Mental illness impacts your thoughts, feelings and behaviours. It’s complex and hard to recognise in others, and even in yourself. It’s taken me a long time to understand that it’s OK to not feel OK.
And yet our society doesn’t really accept this notion, making it hard for people who are struggling to admit they’re not OK and seek help.
Just think: When you’re sick, you go to a doctor. If you’re unfit, you go to a personal trainer. If your shoulder hurts, you see a physiotherapist. But when our mind is unwell, what do we do? For many people, nothing at all.
Since I was 17, I’ve experienced depression and anxiety. It runs in my family. But it was only after my parent’s sudden separation, when my world fell apart, that I was diagnosed with post-traumatic stress disorder (PTSD).
Throughout my final year of high school, I struggled with my mental health. I couldn’t focus, attending classes was a challenge and I no longer enjoyed my pastimes.
Although aware of what was happening to me, I couldn’t control it. Soon after, I was diagnosed with depression.
Not enjoying socialising and not wanting to do the things you once loved is heartbreaking.
I remember sitting in class with a friend on day. He looked at me and said: “I just want the old Emma back”. I’ll never forget that moment. It was devastating, because I had changed.
Fortunately, my family GP was able to identify the help I needed. I saw a psychologist often, which enabled me to cope. I was also medicated which helped to stabilise my mood.

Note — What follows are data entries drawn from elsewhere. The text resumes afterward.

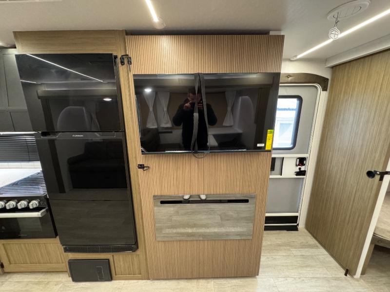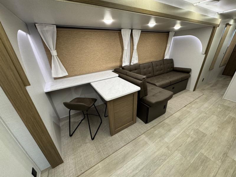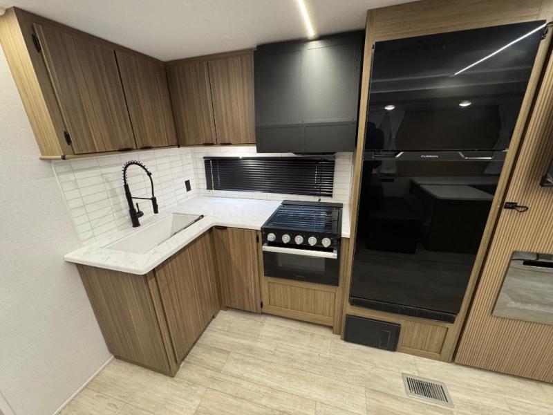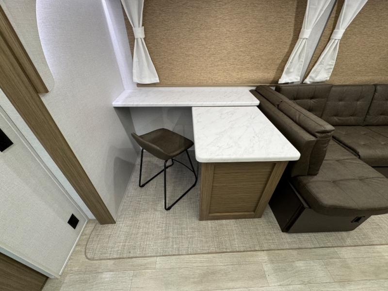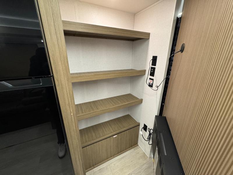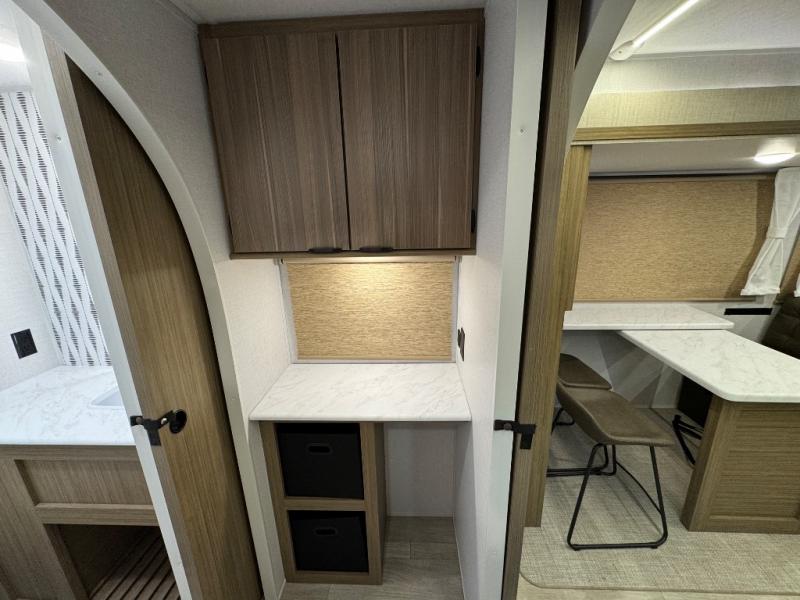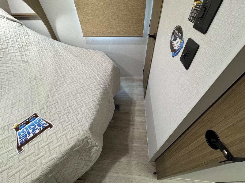 When you're ready to upgrade your RV to a unit with more sleeping space and comfort, choose this Wildwood travel trailer, and you'll never look back. After setting up camp, put out the large slide and prepare lunch indoors or outside at the outdoor kitchen, and the 20' power awning will shade you from the sun. The kids will find all their snacks in the hidden pantry behind the entertainment center, and their drinks in the oversized fridge. There is a Versa-Lounge to relax on and a Versa Flex table where you can dine and work from home. This model features a rear private bunkhouse with a set of double bed bunks, a desk and a half bath. You will also love the front private bedroom that includes a custom king bed with Versa-Tilt and dual bedside closets with nightstands below.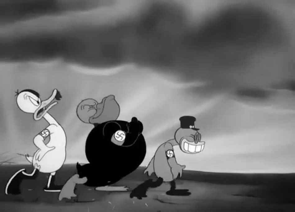 Still from: 'The Ducktators', depicting duck versions of Adolf Hitler, Benito Mussolini and Hideki Tojo.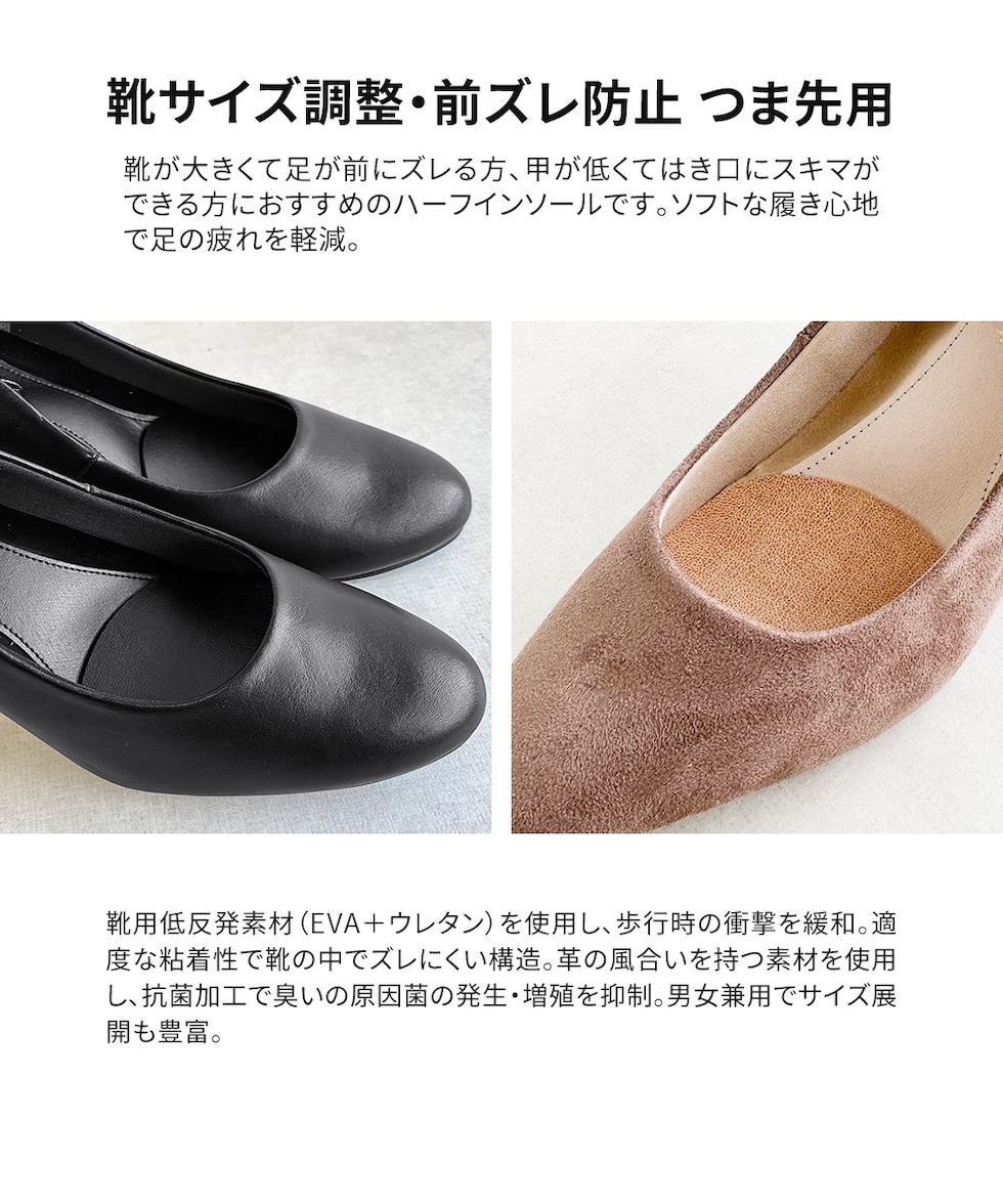 靴が大きくて足が前にズレる方、甲が低くてはき口にスキマができる方におすすめのハーフインソールです。

Long story short: I completed my schooling and went overseas for a year before starting university.
Although I still experience anxiety and depression 14 years later, I’m OK. It’s a part of my life. The ups and downs happen. I’ve learned from this experience, and I now know how to manage my mental health and seek help in difficult times.
I’m happy to talk about my experience. I’m comfortable saying “I’m not OK”.
I hope in talking so openly about my own mental health that it helps others to know that it’s OK for them to as well.
My personal experience with mental illness is not uncommon. In fact, mental illness is very common.
Black Dog Institute, a research institute and not-for-profit organisation that aims to contribute to a mentally healthier world, provides these staggering statistics:
- Each year 1 in 5 Australians experience mental illness
- 65% of people do not seek professional support
- Suicide is the leading cause of death among 15 – 44 year olds.
Talking to the professionals
Amanda Curran, registered psychologist and director of Family Matters Psychology Services, said mental health is something that we often take for granted and are often so unprepared for when it is challenged.
“Most people fear the judgement of others. They don’t want to be seen as crazy or incompetent. They feel guilt and shame that it’s their fault they have become unwell, when there may have been multiple factors that have contributed to it,” Curran said.
Despite a range of services on offer, people often wait a long time before getting help.
“For many, symptoms build up over time. It’s only when things get to crisis point that they begin to get help,” Curran said.
Curran believes that help needs to be easier to access.
“It’s true that more Australians die from suicide than skin cancer but there is still less money put into research and prevention than there is for skin cancer,” she said.
“There needs to be a ‘no wrong door’ policy so that whatever anyone does to get help, it opens up more opportunities for flexible treatment options to suit their needs.”
How I cope
I still see a psychologist from time to time, and know I have the networks and resources to get through the lows.
When I recognise that I’m struggling, I say to work, friends and family: “I’m not coping” or “I need to slow down and step back” or “I need help.”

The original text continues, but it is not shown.